Leave the pictures out. Return all other data exactly.

··· RECORDS SUPPLIED ···

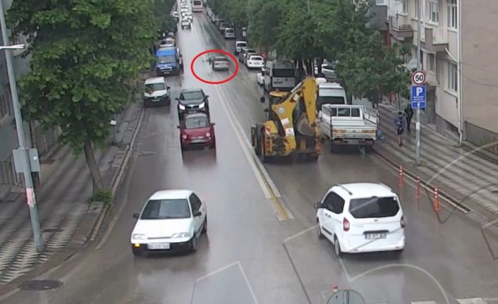 Eskişehir’de bir otomobilin yayaya çarptığı anlar, Kent Güvenlik Yönetim Sistemi (KGYS) kamerasına yansıdı.
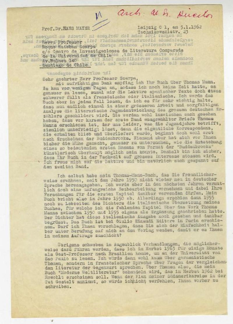 Autores alemanes - Manuscritos alemanes - Mayer, Hans - Correspondencia - Scarpa, Roque Esteban - Autores chilenos
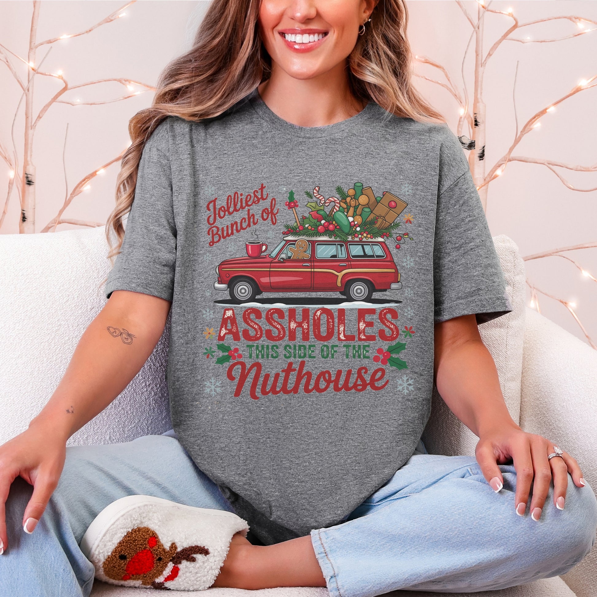 For the ones who bring the chaos and the cheer—this one’s for you. Inspired by one of the most iconic Christmas movie quotes of all time, our “Jolliest Bunch of A**holes This Side of the Nuthouse” tee captures that perfectly dysfunctional holiday energy we all know and love.
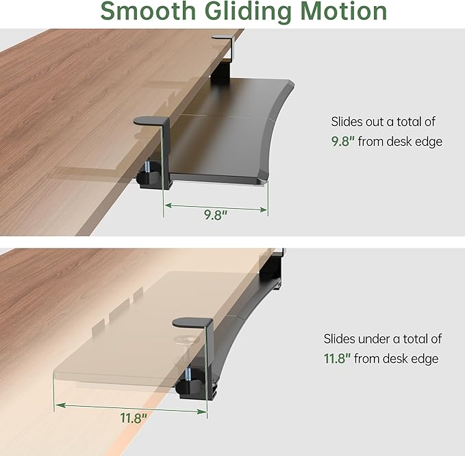 - 【Comfortable Typing Angles】 Slide in and out of the tray with ease and enjoy an ergonomic typing angle that reduces stress on your wrists and shoulders. The tray extends a maximum of 9.8” from the edge of your desk. and slides under a total of 11.8” from desk edge. PLEASE NOTE: The distance from the center stretcher to the edge of the desktop must not be less than 11.8 inches.
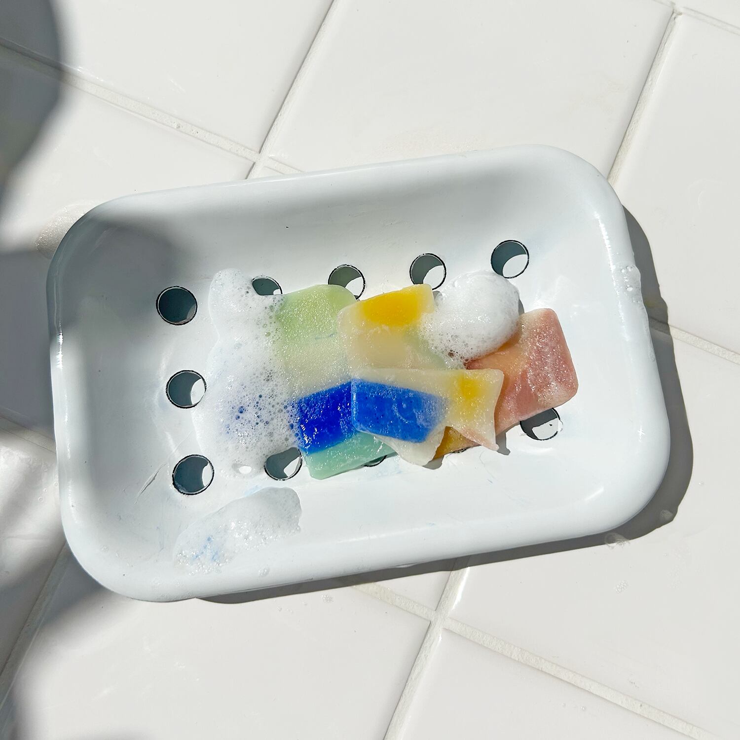4.ご使用後は水切れの良いソープディッシュやトレイに置き、水気をよく切るようにすると溶けにくくなります。
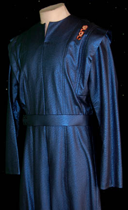 Description: Captured by a massive industrial consortium and brainwashed into believing that they have been part of the employees of this company forever, the crew of “Voyager” wore jumpsuits like this one in the episodes “Workforce, Parts I and II” of Star Trek: Voyager. A shiny blue jumpsuit with a matching belt, a zip up the front, and an orange and white sewn in division patch on the left shoulder front depicting ‘Quarren' character letters. Made by ‘MUTO Little, Los Angeles’ the costumer’s tag indicates use in the episode “Workforce”.
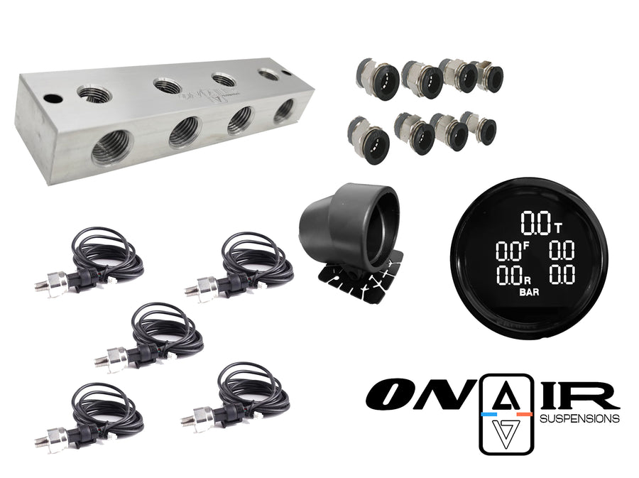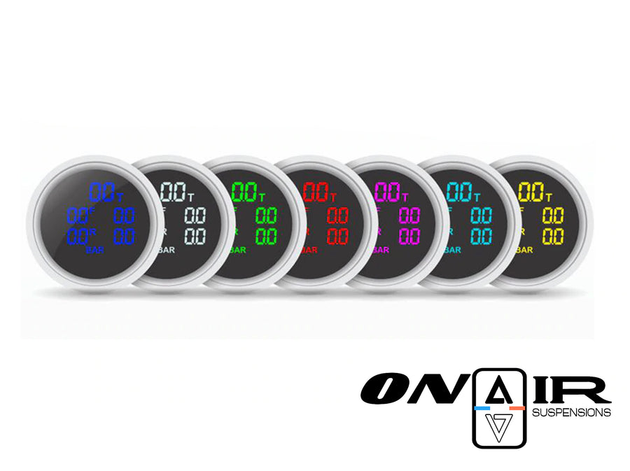 ON AIR est le seul à vous proposez un Pack Complet exclusif qui permet d'équiper TOUT TYPE de système Air ride d'un manomètre de pression digital!
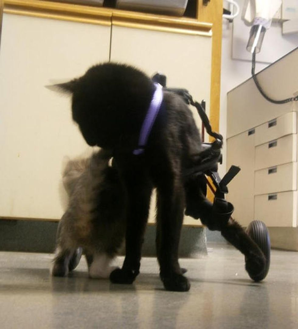 Violet received her new cart and can walk again! Even her foster kitty friend is interested in the fun.
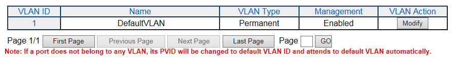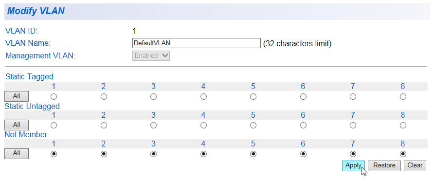 Note - VLANを何も設定していない状態ではデフォルトVLAN(PVID=1)としてTagged VLAN Tableに表示されます。

···

● TASK RESULT:
 Eskişehir’de bir otomobilin yayaya çarptığı anlar, Kent Güvenlik Yönetim Sistemi (KGYS) kamerasına yansıdı.
 Autores alemanes - Manuscritos alemanes - Mayer, Hans - Correspondencia - Scarpa, Roque Esteban - Autores chilenos
 For the ones who bring the chaos and the cheer—this one’s for you. Inspired by one of the most iconic Christmas movie quotes of all time, our “Jolliest Bunch of A**holes This Side of the Nuthouse” tee captures that perfectly dysfunctional holiday energy we all know and love.
 - 【Comfortable Typing Angles】 Slide in and out of the tray with ease and enjoy an ergonomic typing angle that reduces stress on your wrists and shoulders. The tray extends a maximum of 9.8” from the edge of your desk. and slides under a total of 11.8” from desk edge. PLEASE NOTE: The distance from the center stretcher to the edge of the desktop must not be less than 11.8 inches.
4.ご使用後は水切れの良いソープディッシュやトレイに置き、水気をよく切るようにすると溶けにくくなります。
 Description: Captured by a massive industrial consortium and brainwashed into believing that they have been part of the employees of this company forever, the crew of “Voyager” wore jumpsuits like this one in the episodes “Workforce, Parts I and II” of Star Trek: Voyager. A shiny blue jumpsuit with a matching belt, a zip up the front, and an orange and white sewn in division patch on the left shoulder front depicting ‘Quarren' character letters. Made by ‘MUTO Little, Los Angeles’ the costumer’s tag indicates use in the episode “Workforce”.
 ON AIR est le seul à vous proposez un Pack Complet exclusif qui permet d'équiper TOUT TYPE de système Air ride d'un manomètre de pression digital!
 Violet received her new cart and can walk again! Even her foster kitty friend is interested in the fun.
 Note - VLANを何も設定していない状態ではデフォルトVLAN(PVID=1)としてTagged VLAN Tableに表示されます。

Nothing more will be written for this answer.